Wu Xiaoyan, Li Yiman, Chen Jilong, Chen Jie, Zhang Wenchuan, Lu Xunxi, Zhong Xiaorong, Zhu Min, Yi Yuhao, Bu Hong
Department of Pathology, West China Hospital, Sichuan University, Chengdu, China.
Institute of Clinical Pathology, West China Hospital, Sichuan University, Chengdu, 610041, China.
Breast Cancer Res. 2025 Mar 28;27(1):27. doi: 10.1186/s13058-025-01968-0.
In HR+/HER2- early breast cancer (EBC) patients, approximately one-third of stage II and 50% of stage III patients experience recurrence, with poor outcomes after recurrence. Given that these patients commonly undergo adjuvant chemo-endocrine therapy (C-ET), accurately predicting the recurrence risk is crucial for optimizing treatment strategies and improving patient outcomes.
We collected postoperative histopathological slides from 1095 HR+/HER2- EBC who received C-ET and were followed for more than five years at West China Hospital, Sichuan University. Two deep learning pipelines were developed and validated: ACMIL-based and CLAM-based. Both pipelines, designed to predict recurrence risk post-treatment, were based on pretrained feature encoders and multi-instance learning with attention mechanisms. Model performance was evaluated using a five-fold cross-validation approach and externally validated on HR+/HER2- EBC patients from the TCGA cohort.

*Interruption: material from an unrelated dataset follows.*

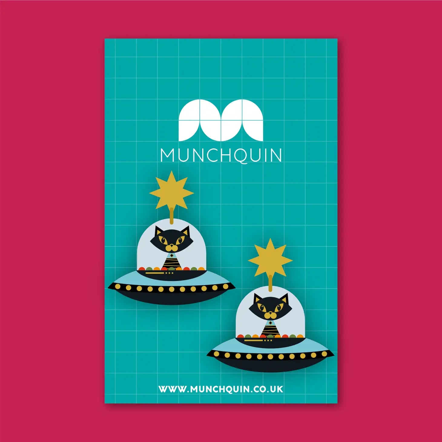 Wedi'u hysbrydoli gan yr oes atomig, mae'r clustdlysau hyn wedi'u hargraffu â UV a'u torri â laser o bren haenog bedw o ffynonellau cynaliadwy ac yna'n cael eu cydosod â llaw. Mae ganddyn nhw byst dur di-staen ar y stydiau felly maen nhw'n berffaith ar gyfer clustiau sensitif.

Both ACMIL-based and CLAM-based pipelines performed well in predicting recurrence risk, with UNI-ACMIL demonstrating superior performance across multiple metrics. The average area under the curve (AUC) for the UNI-ACMIL pipeline in the five-fold cross-validation test set was 0.86 ± 0.02, and 0.80 ± 0.04 in the TCGA cohort. In the five-fold cross-validation test sets, effectively stratified patients into high-risk and low-risk groups, demonstrating significant prognostic differences. Hazard ratios for recurrence-free survival (RFS) ranged from 5.32 (95% CI 1.86-15.12) to 15.16 (95% CI 3.61-63.56). Moreover, among six different multimodal recurrence risk models, the WSI-based risk score was identified as the most significant contributor.
Our multimodal recurrence risk prediction model is a practical and reliable tool that enhances the predictive power of existing systems relying solely on clinicopathological parameters. It offers improved recurrence risk prediction for HR+/HER2- EBC patients following adjuvant C-ET, supporting personalized treatment and better patient outcomes.
在激素受体阳性/人表皮生长因子受体2阴性(HR+/HER2-)早期乳腺癌(EBC)患者中,约三分之一的II期患者和50%的III期患者会出现复发,复发后的预后较差。鉴于这些患者通常接受辅助化疗-内分泌治疗(C-ET),准确预测复发风险对于优化治疗策略和改善患者预后至关重要。
我们收集了四川大学华西医院1095例接受C-ET且随访超过五年的HR+/HER2- EBC患者的术后组织病理学切片。开发并验证了两种深度学习管道:基于ACMIL的和基于CLAM的。这两种管道旨在预测治疗后的复发风险,均基于预训练的特征编码器和带有注意力机制的多实例学习。使用五折交叉验证方法评估模型性能,并在来自TCGA队列的HR+/HER2- EBC患者中进行外部验证。
基于ACMIL的和基于CLAM的管道在预测复发风险方面均表现良好,其中UNI-ACMIL在多个指标上表现出卓越性能。在五折交叉验证测试集中,UNI-ACMIL管道的平均曲线下面积(AUC)为0.86±0.02,在TCGA队列中为0.80±0.04。在五折交叉验证测试集中,能有效地将患者分为高风险和低风险组,显示出显著的预后差异。无复发生存(RFS)的风险比范围为5.32(95%置信区间1.86 - 15.12)至15.16(95%置信区间3.61 - 63.56)。此外,在六种不同的多模态复发风险模型中,基于全切片图像(WSI)的风险评分被确定为最显著的因素。
我们的多模态复发风险预测模型是一种实用且可靠的工具,增强了仅依赖临床病理参数的现有系统的预测能力。它为接受辅助C-ET后的HR+/HER2- EBC患者提供了更好的复发风险预测,支持个性化治疗并改善患者预后。